> Directions for this task: Once the images are removed, set down everything else in the listing below exactly.

> Dataset section:
= Beginning of Section =
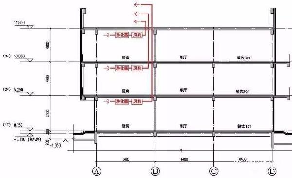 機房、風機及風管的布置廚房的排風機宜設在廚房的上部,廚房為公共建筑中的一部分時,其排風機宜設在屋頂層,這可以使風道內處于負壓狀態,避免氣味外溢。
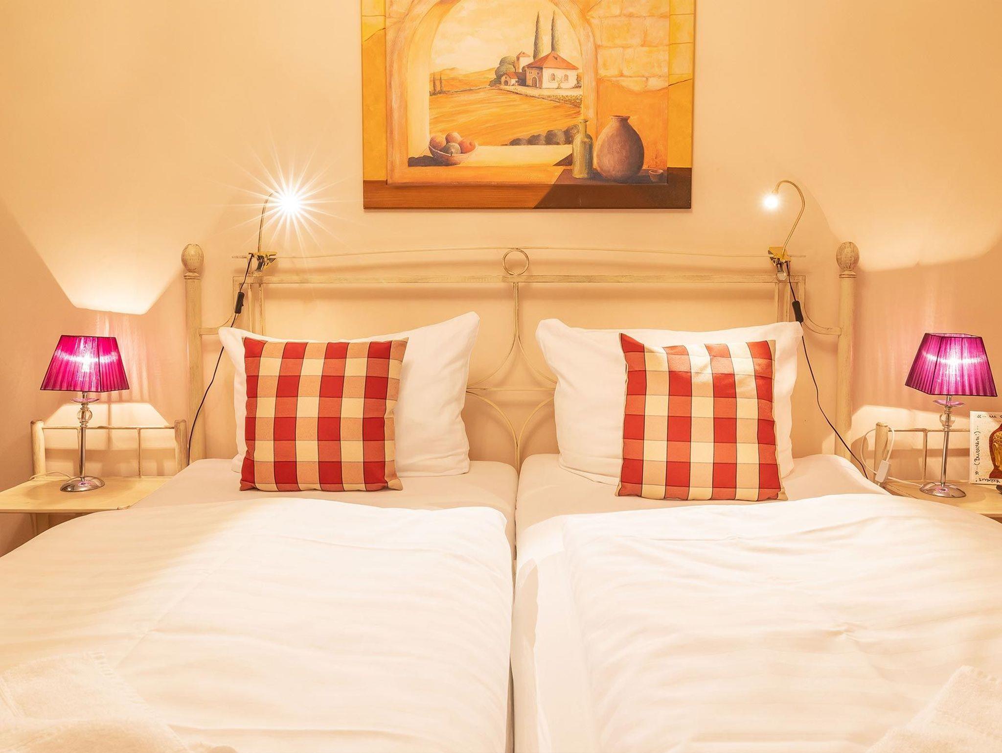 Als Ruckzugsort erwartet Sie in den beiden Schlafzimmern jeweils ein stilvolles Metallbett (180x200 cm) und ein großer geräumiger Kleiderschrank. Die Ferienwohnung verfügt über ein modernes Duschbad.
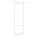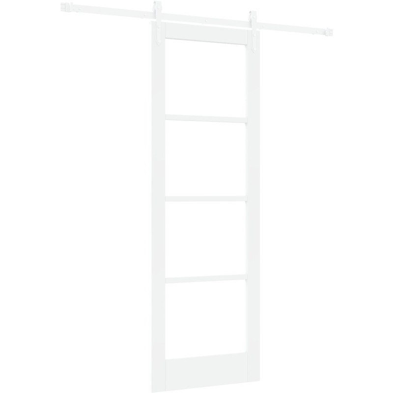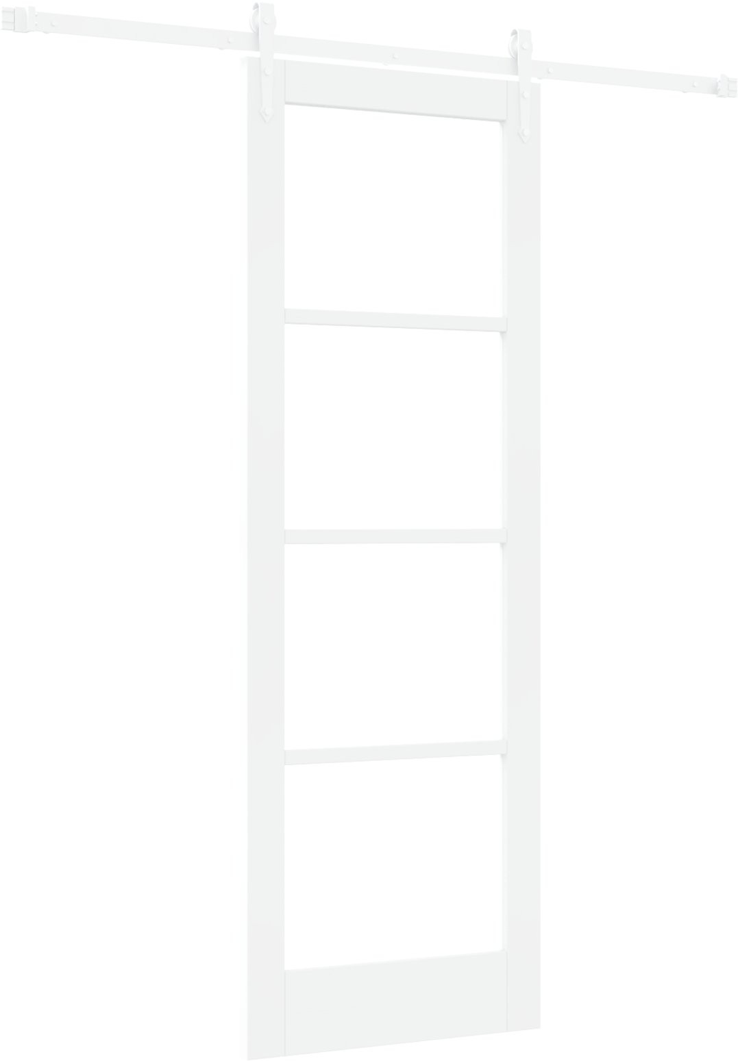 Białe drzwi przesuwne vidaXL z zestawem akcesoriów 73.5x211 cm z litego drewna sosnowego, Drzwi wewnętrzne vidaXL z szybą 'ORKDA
= End of Section =
> Result of this exercise:
 機房、風機及風管的布置廚房的排風機宜設在廚房的上部,廚房為公共建筑中的一部分時,其排風機宜設在屋頂層,這可以使風道內處于負壓狀態,避免氣味外溢。
 Als Ruckzugsort erwartet Sie in den beiden Schlafzimmern jeweils ein stilvolles Metallbett (180x200 cm) und ein großer geräumiger Kleiderschrank. Die Ferienwohnung verfügt über ein modernes Duschbad.
 Białe drzwi przesuwne vidaXL z zestawem akcesoriów 73.5x211 cm z litego drewna sosnowego, Drzwi wewnętrzne vidaXL z szybą 'ORKDA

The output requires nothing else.